A total of consecutive patients in the CAS registry of the Cardiovascular Center at Korea University Guro Hospital and who had resting chest pain without significant coronary lesions (luminal narrowing <50%) underwent a provocation test with Ach infusion during coronary angiography from November 2004 to May 2012 will be reviewed. Among them, patients with documented cardiovascular disease and/or any other serious medical condition, such as an increased serum creatinine level (>2mg/dl), will be excluded. Patients will be excluded due to incomplete data. The investigators will register hypertensive patients who are currently using antihypertensive medications. The study population will be divided into quartiles based on rising systolic BP, diastolic BP, and pulse pressure. CAS+chest pain(CP) means>70% luminal narrowing on Ach provocation test. and/or concurrent typical chest pain.

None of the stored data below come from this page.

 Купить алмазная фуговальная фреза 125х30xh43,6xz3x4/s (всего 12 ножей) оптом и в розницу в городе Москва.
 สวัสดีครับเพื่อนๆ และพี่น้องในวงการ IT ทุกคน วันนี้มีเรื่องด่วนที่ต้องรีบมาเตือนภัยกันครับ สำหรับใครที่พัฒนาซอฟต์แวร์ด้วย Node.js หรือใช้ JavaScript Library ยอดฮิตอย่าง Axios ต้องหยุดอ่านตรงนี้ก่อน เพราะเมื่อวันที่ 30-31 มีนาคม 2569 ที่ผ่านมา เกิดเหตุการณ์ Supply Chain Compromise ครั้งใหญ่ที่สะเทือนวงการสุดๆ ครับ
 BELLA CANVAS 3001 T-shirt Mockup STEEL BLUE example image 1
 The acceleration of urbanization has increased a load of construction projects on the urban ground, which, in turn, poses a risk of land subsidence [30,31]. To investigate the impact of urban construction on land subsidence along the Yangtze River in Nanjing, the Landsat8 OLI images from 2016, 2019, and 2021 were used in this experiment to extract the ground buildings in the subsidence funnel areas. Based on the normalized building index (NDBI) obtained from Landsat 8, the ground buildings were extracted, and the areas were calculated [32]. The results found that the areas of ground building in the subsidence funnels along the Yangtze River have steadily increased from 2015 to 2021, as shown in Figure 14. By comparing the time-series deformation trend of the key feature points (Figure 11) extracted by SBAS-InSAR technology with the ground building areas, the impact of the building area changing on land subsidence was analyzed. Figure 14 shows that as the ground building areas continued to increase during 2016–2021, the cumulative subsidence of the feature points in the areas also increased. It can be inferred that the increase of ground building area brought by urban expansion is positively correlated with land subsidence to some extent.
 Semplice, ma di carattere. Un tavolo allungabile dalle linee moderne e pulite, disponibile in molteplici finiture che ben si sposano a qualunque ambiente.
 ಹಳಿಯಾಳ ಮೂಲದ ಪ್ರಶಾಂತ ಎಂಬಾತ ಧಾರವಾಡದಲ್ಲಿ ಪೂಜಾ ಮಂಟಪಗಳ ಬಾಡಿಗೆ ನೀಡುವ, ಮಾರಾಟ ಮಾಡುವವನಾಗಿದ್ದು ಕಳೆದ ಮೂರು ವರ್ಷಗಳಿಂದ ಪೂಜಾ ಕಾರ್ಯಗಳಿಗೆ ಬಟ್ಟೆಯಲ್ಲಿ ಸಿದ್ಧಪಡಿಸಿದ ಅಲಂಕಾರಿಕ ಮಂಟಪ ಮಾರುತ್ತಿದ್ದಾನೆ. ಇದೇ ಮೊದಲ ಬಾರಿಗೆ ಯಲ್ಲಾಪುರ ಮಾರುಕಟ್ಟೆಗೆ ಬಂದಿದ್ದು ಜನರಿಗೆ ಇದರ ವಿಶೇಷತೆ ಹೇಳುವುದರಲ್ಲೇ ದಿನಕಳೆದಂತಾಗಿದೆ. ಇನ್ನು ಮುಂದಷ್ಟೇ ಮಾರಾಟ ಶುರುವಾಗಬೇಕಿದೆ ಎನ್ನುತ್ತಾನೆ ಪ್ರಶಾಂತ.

BP was measured with a noninvasive BP monitoring device with the patient lying on the angiographic table after a five-minute rest (Patient monitoring system, NP 30:Philips, Amsterdam, The Netherlands). The first reading was discarded, and the mean of the next two consecutive readings was used. Next, coronary angiography was performed. Hypertension is defined as systolic BP ≥140mmHg and/or diastolic BP ≥90mmHg on at least two consecutive readings in the outpatient clinic. Patients taking antihypertensive medications are also categorized as hypertensives. Other Risk factors for CAS examined in this study include hyperlipidemia (total cholesterol level ≥200mg /dl or current medication with lipid-lowering drugs), diabetes (fasting blood glucose≥126mg /dl, and/or glycated Hemoglobin A1c level more than 6.5% or current use of medications), current smoker (active smoking within the past 12 months), and current alcohol user (at least 1 alcohol drinking a week).


Sponsor: Korea University

Current Primary Outcome: Development of significant CAS [ Time Frame: baseline ]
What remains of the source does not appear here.